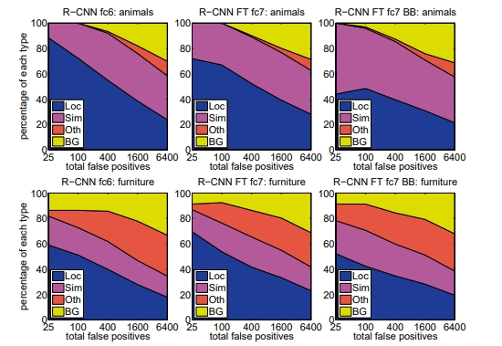 与使用方向梯度直方图(HOG)特征的传统DPM(Deformable Part Models)方法相比,CNN在目标检测中的错误更多地是由于定位不佳,而不是由于与背景或其他对象类别的混淆。这表明CNN学习到的特征在区分不同对象类别方面更具辨别力。这种定位不佳的假阳性可能是由于使用自下而上的区域提议方法和在预训练阶段学习到的对整个图像分类的位置不变性所导致的。
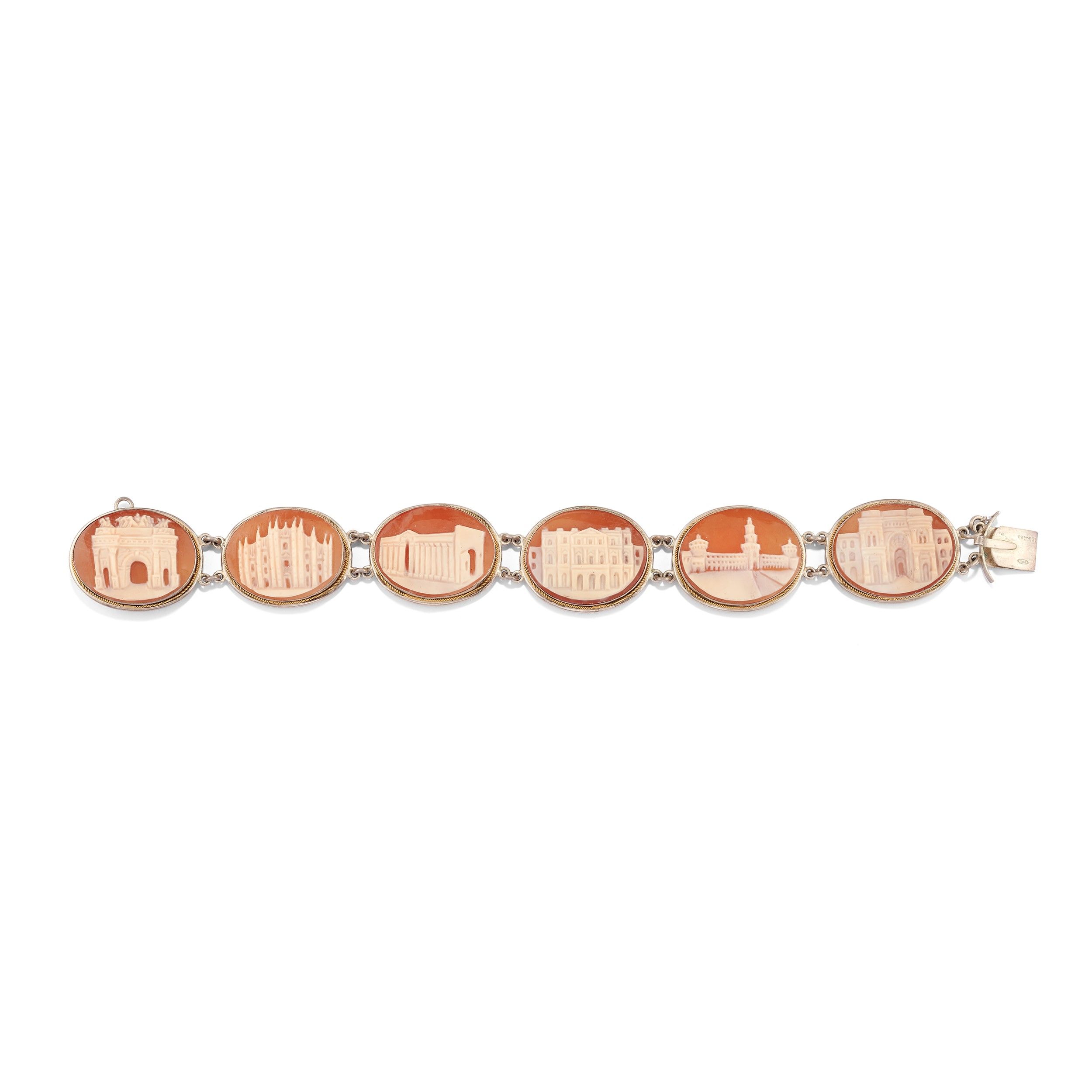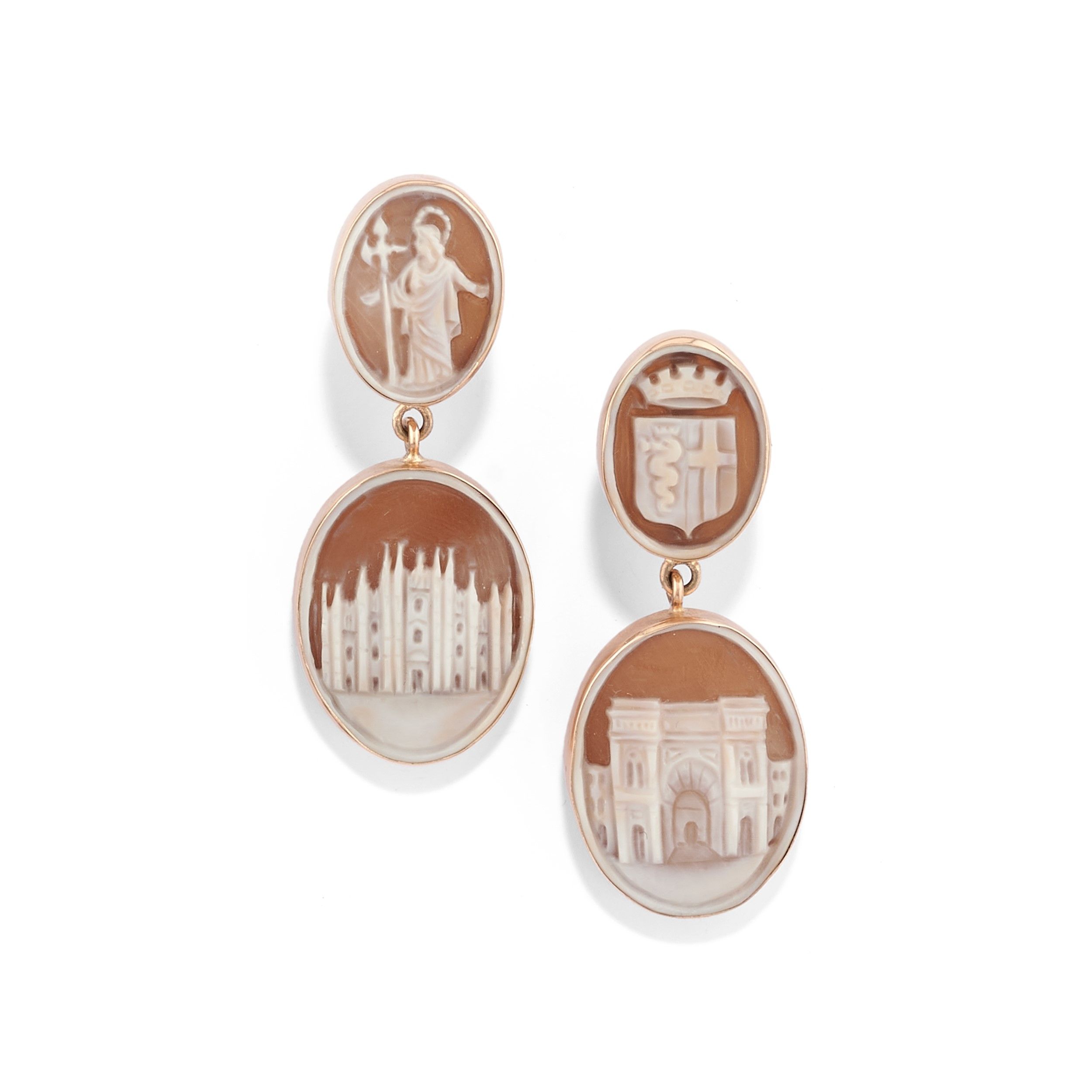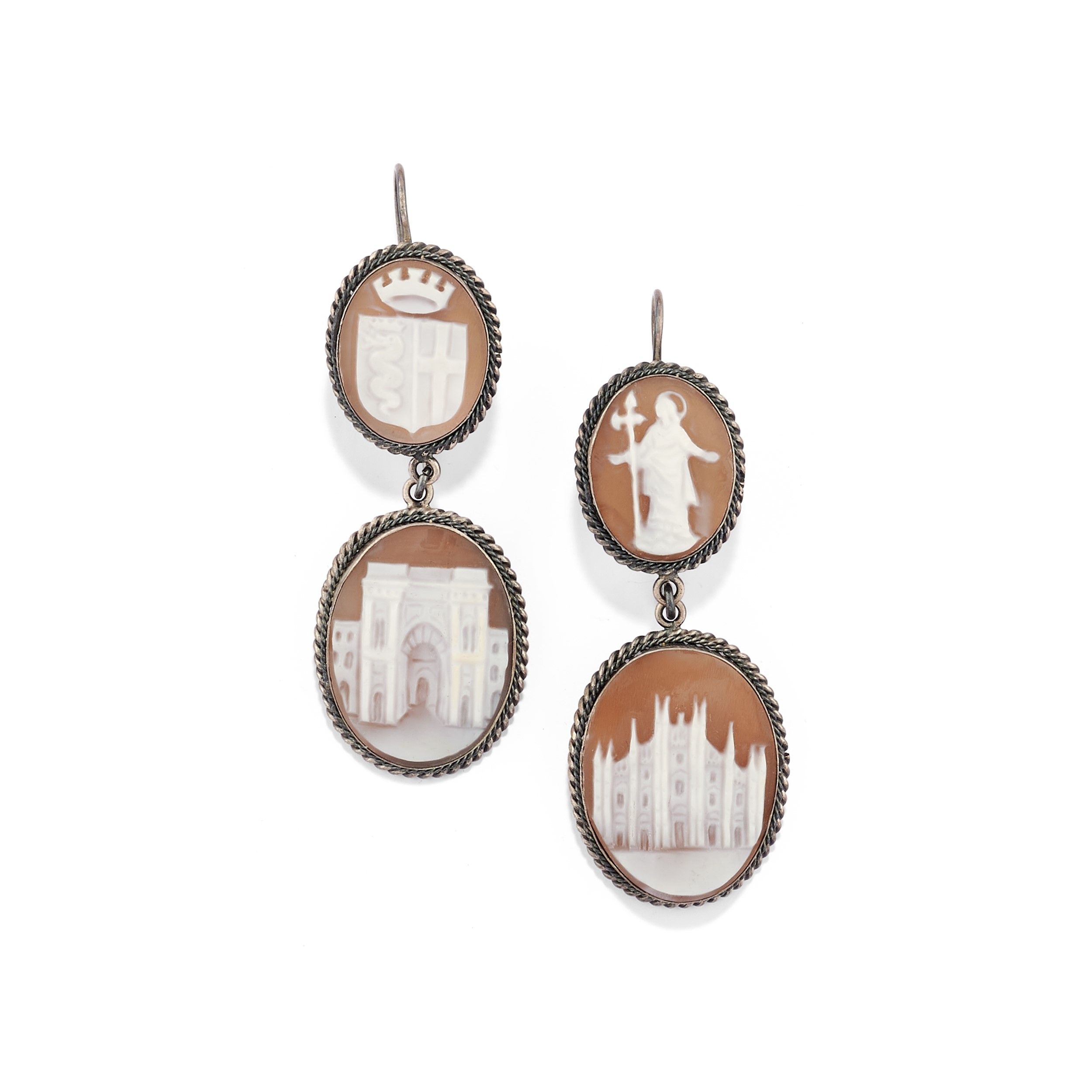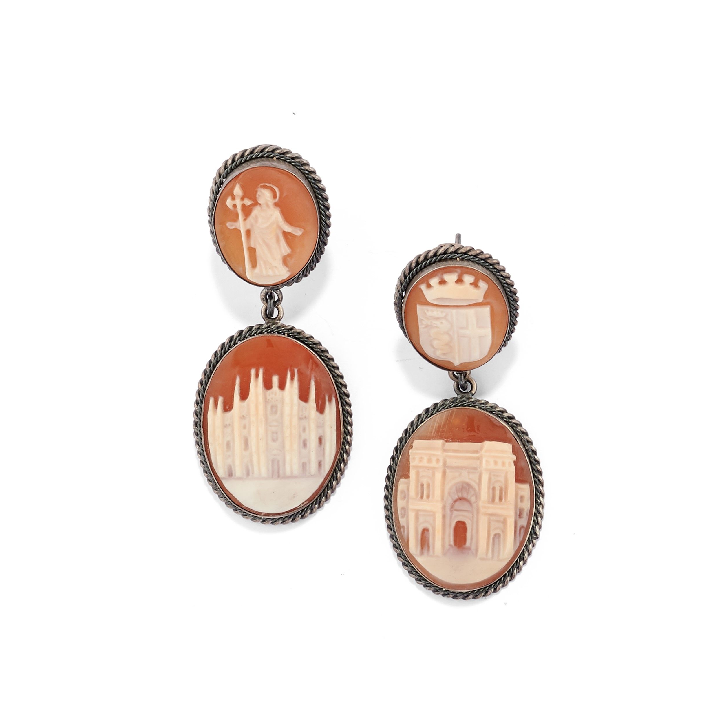 realizzati con medaglioni di forma ovale raffiguranti monumenti di Milano e di Roma, orecchini con chiusura con perno e clip e monachella.
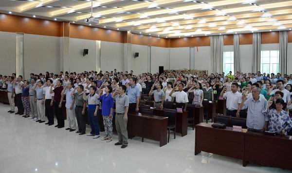 7月1日下午,怀化职院大会议室党旗飘扬、党徽闪耀,全院庆祝中国共产党成立95周年大会在这里隆重举行。全体院领导、全体党员、离退休党员代表、预备党员共300余人怀着激动的心情,共同回顾党的光辉历程,讴歌党的光辉业绩。

** Requirement **
Reproduce every line above as written, skipping pictures.

** Solved exercise **
 与使用方向梯度直方图(HOG)特征的传统DPM(Deformable Part Models)方法相比,CNN在目标检测中的错误更多地是由于定位不佳,而不是由于与背景或其他对象类别的混淆。这表明CNN学习到的特征在区分不同对象类别方面更具辨别力。这种定位不佳的假阳性可能是由于使用自下而上的区域提议方法和在预训练阶段学习到的对整个图像分类的位置不变性所导致的。
 realizzati con medaglioni di forma ovale raffiguranti monumenti di Milano e di Roma, orecchini con chiusura con perno e clip e monachella.
 7月1日下午,怀化职院大会议室党旗飘扬、党徽闪耀,全院庆祝中国共产党成立95周年大会在这里隆重举行。全体院领导、全体党员、离退休党员代表、预备党员共300余人怀着激动的心情,共同回顾党的光辉历程,讴歌党的光辉业绩。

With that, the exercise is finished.